ASSIGNED TASK. When you write out the records, keep every word exact and drop the pictures.
———
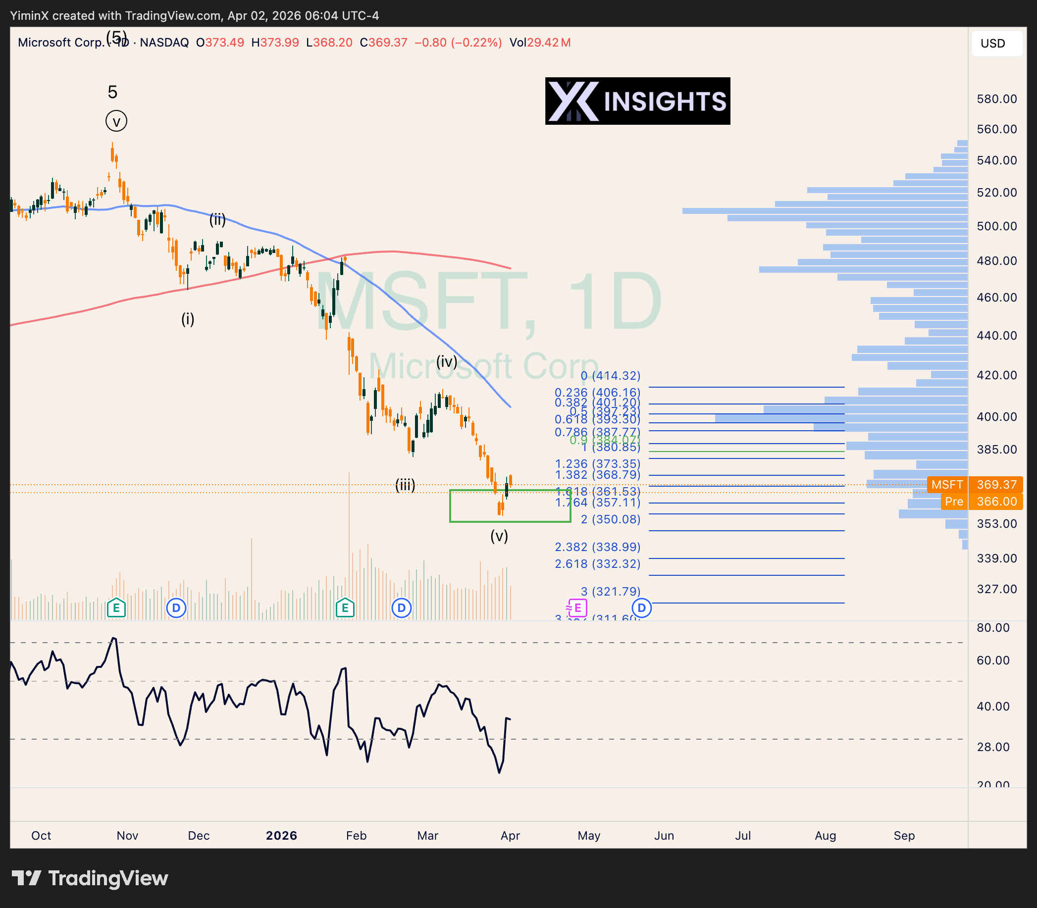 TSLA is in a pretty clear near-term downtrend. The Elliott Waves counts, however, are slightly less clear. $340 provides significant support for a bottom, which I have identified as the likely downward target.
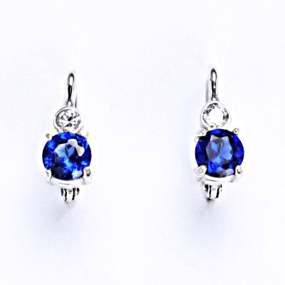 Stříbrné náušnice s velkým spinelem a malým čirým zirkonem. Velikost spinelu 5 mm a zirkonu 2 mm. Celková výška náušnice je 17 mm. Materiál je stříbro 925/1000. Náušnice mají povrchovou úpravu čisté rhodium.
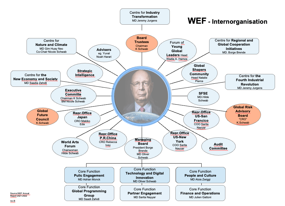 I centrum för WEF:s verksamhet finns grundaren själv, som enväldigt utser medlemmarna i organisationens huvudstyrelse (Board of Trustees). Styrelsen – som består av ”exceptionella individer som agerar som väktare av dess uppdrag och värderingar, och övervakar forumets arbete med att främja sant globalt medborgarskap” – väljs alltså inte i demokratisk ordning. WEF-medarbetaren Ursula von der Leyen kom direkt från WEF:s styrelse till uppdraget som EU-kommissionens ordförande.
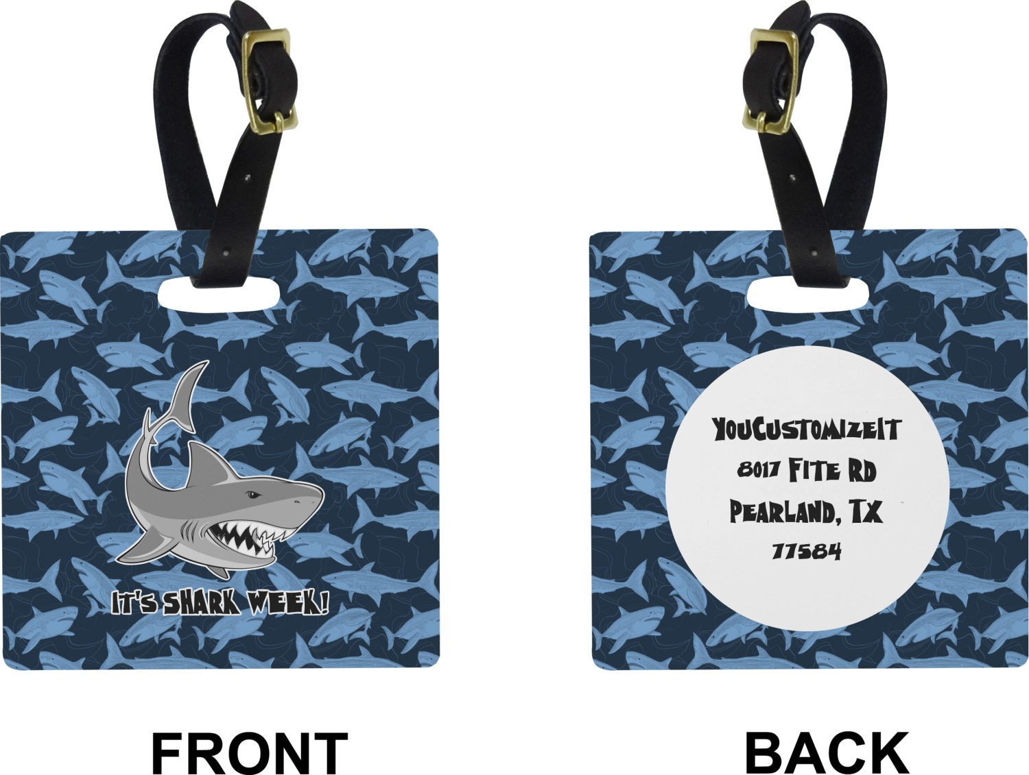 These personalized bag tags are sold in a variety of shapes, so that you may find the product that meets your vision exactly. We sell a round luggage tag, which measures at approximately 4" x 4". Our square luggage tag is about 3.5" x 3.5", while our rectangular version is 2.75" x 4 ".
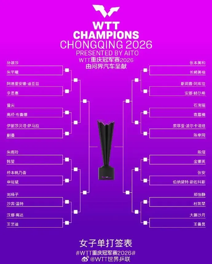WTT重庆冠军赛2026,将于3月10日至15日开赛。3月8日,男女单打签表出炉。(详情>>)
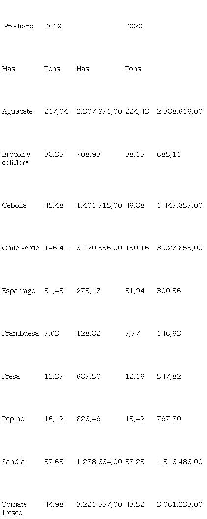 Del total de hortalizas consideradas, entre 2019 y 2020 hay un aumento de 4,9 mil hectáreas: sólo se reduce superficie y producción de fresa, pepino y tomate rojo en proporciones poco significativas, que se diluye si se toma en cuenta el rendimiento medio por hectárea, 52 toneladas por hectárea de fresa y 74 toneladas para el pepino y el tomate rojo. Los cambios en superficie y producción de hortalizas obedecen a factores de mercado y no sanitarios como la COVID-19.
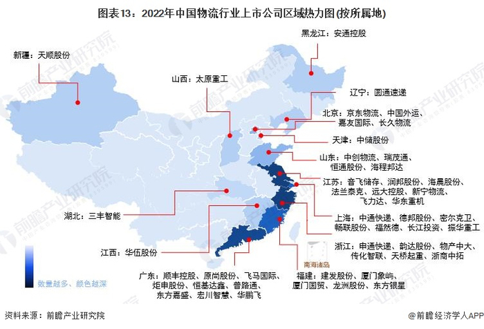 截至2022年5月20日,中国物流行业主要上市公司区域分布如下:
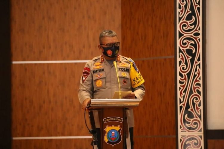 Medan, POL | Masalah virus Covid-19 yang melanda wilayah Sumatera Utara, terus menunjukkan angka peningkatan. Berkaitan hal tersebut, Kapolda Sumut Irjen Pol Martuani Sormin membuka supervisi Operasi Aman Nusa II yang berlangsung di Aula Tribrata Mapolda Sumut, Senin (3/08/2020).
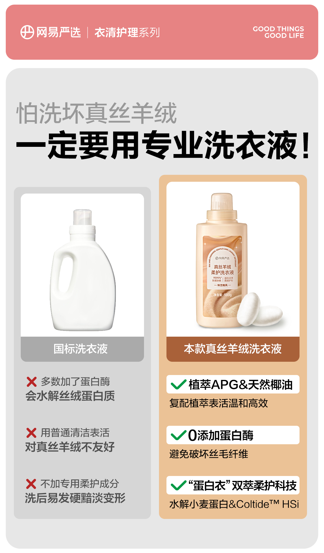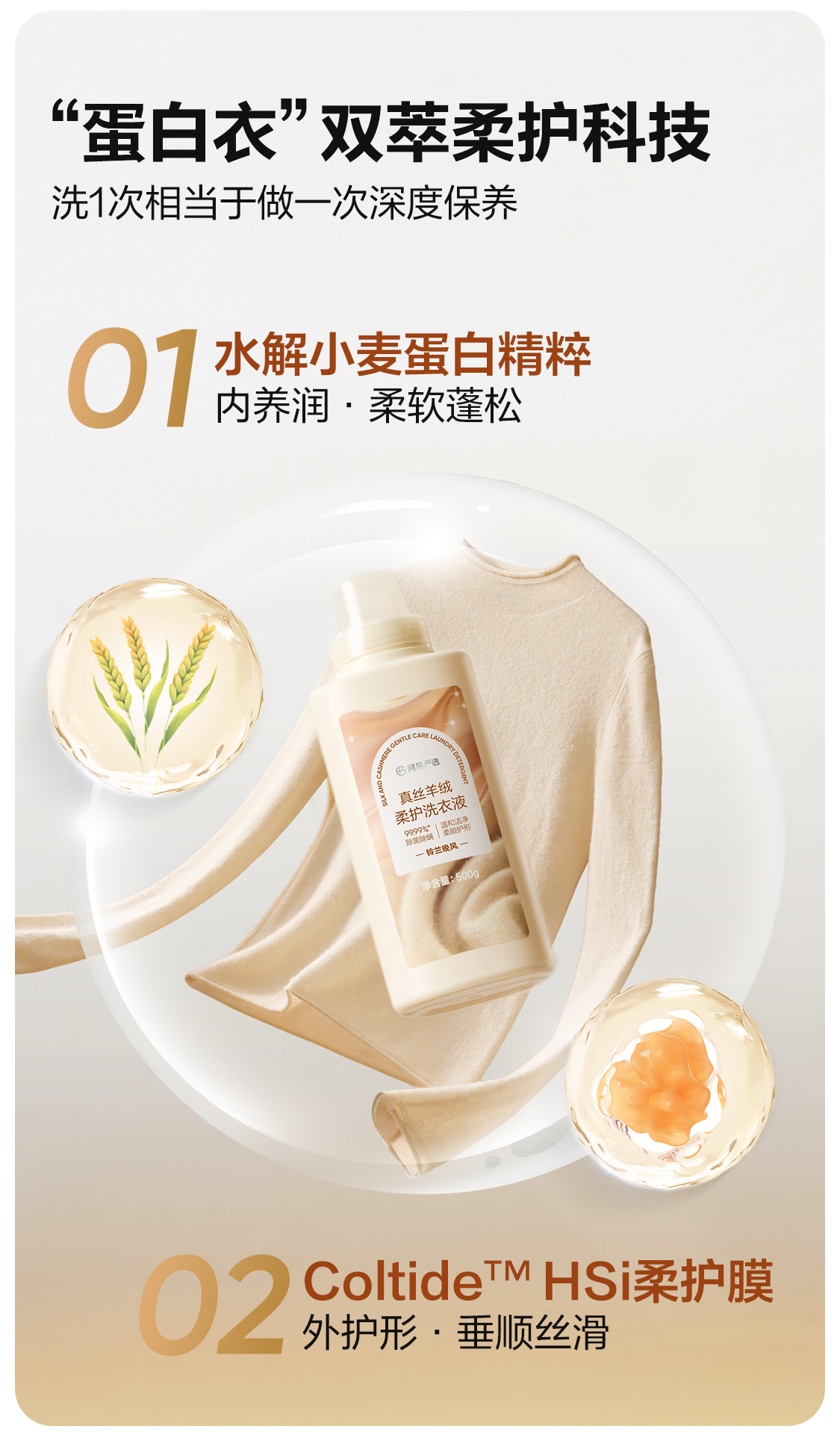 网易严选 温和洁净,柔顺护形 真丝羊绒羊毛柔护洗衣液
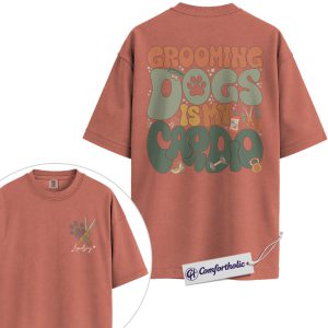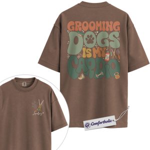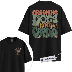 Grooming Dogs Is My Cardio Shirt, Funny Dog Groomer Graphic T-Shirt, Personalized Pet Grooming Tee, Custom Name Gift for Professional Dog Groomers, Comfort Colors Shirt 2-Sided
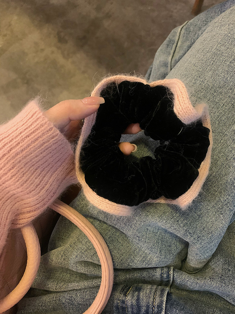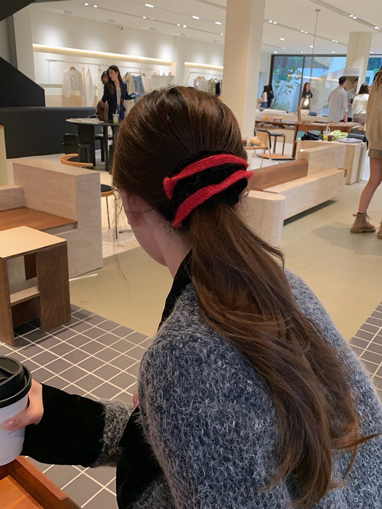 가을과 겨울 포니 테일 헤어 링 대조 컬러 울 패브릭 대형 직감 헤어 링 봉제 새 고무 텐돈 작은 샤넬 스타일 고급 헤드웨어스토어 가기
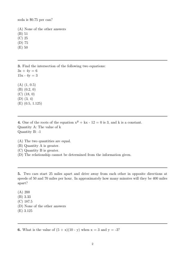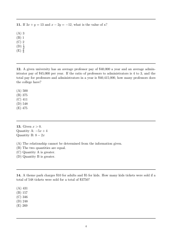 - Quantitative Reasoning (Two Sections, with 12 questions and 15 questions respectively)
———
SOLUTION FOR THIS PROBLEM.
 TSLA is in a pretty clear near-term downtrend. The Elliott Waves counts, however, are slightly less clear. $340 provides significant support for a bottom, which I have identified as the likely downward target.
 Stříbrné náušnice s velkým spinelem a malým čirým zirkonem. Velikost spinelu 5 mm a zirkonu 2 mm. Celková výška náušnice je 17 mm. Materiál je stříbro 925/1000. Náušnice mají povrchovou úpravu čisté rhodium.
 I centrum för WEF:s verksamhet finns grundaren själv, som enväldigt utser medlemmarna i organisationens huvudstyrelse (Board of Trustees). Styrelsen – som består av ”exceptionella individer som agerar som väktare av dess uppdrag och värderingar, och övervakar forumets arbete med att främja sant globalt medborgarskap” – väljs alltså inte i demokratisk ordning. WEF-medarbetaren Ursula von der Leyen kom direkt från WEF:s styrelse till uppdraget som EU-kommissionens ordförande.
 These personalized bag tags are sold in a variety of shapes, so that you may find the product that meets your vision exactly. We sell a round luggage tag, which measures at approximately 4" x 4". Our square luggage tag is about 3.5" x 3.5", while our rectangular version is 2.75" x 4 ".
WTT重庆冠军赛2026,将于3月10日至15日开赛。3月8日,男女单打签表出炉。(详情>>)
 Del total de hortalizas consideradas, entre 2019 y 2020 hay un aumento de 4,9 mil hectáreas: sólo se reduce superficie y producción de fresa, pepino y tomate rojo en proporciones poco significativas, que se diluye si se toma en cuenta el rendimiento medio por hectárea, 52 toneladas por hectárea de fresa y 74 toneladas para el pepino y el tomate rojo. Los cambios en superficie y producción de hortalizas obedecen a factores de mercado y no sanitarios como la COVID-19.
 截至2022年5月20日,中国物流行业主要上市公司区域分布如下:
 Medan, POL | Masalah virus Covid-19 yang melanda wilayah Sumatera Utara, terus menunjukkan angka peningkatan. Berkaitan hal tersebut, Kapolda Sumut Irjen Pol Martuani Sormin membuka supervisi Operasi Aman Nusa II yang berlangsung di Aula Tribrata Mapolda Sumut, Senin (3/08/2020).
 网易严选 温和洁净,柔顺护形 真丝羊绒羊毛柔护洗衣液
 Grooming Dogs Is My Cardio Shirt, Funny Dog Groomer Graphic T-Shirt, Personalized Pet Grooming Tee, Custom Name Gift for Professional Dog Groomers, Comfort Colors Shirt 2-Sided
 가을과 겨울 포니 테일 헤어 링 대조 컬러 울 패브릭 대형 직감 헤어 링 봉제 새 고무 텐돈 작은 샤넬 스타일 고급 헤드웨어스토어 가기
 - Quantitative Reasoning (Two Sections, with 12 questions and 15 questions respectively)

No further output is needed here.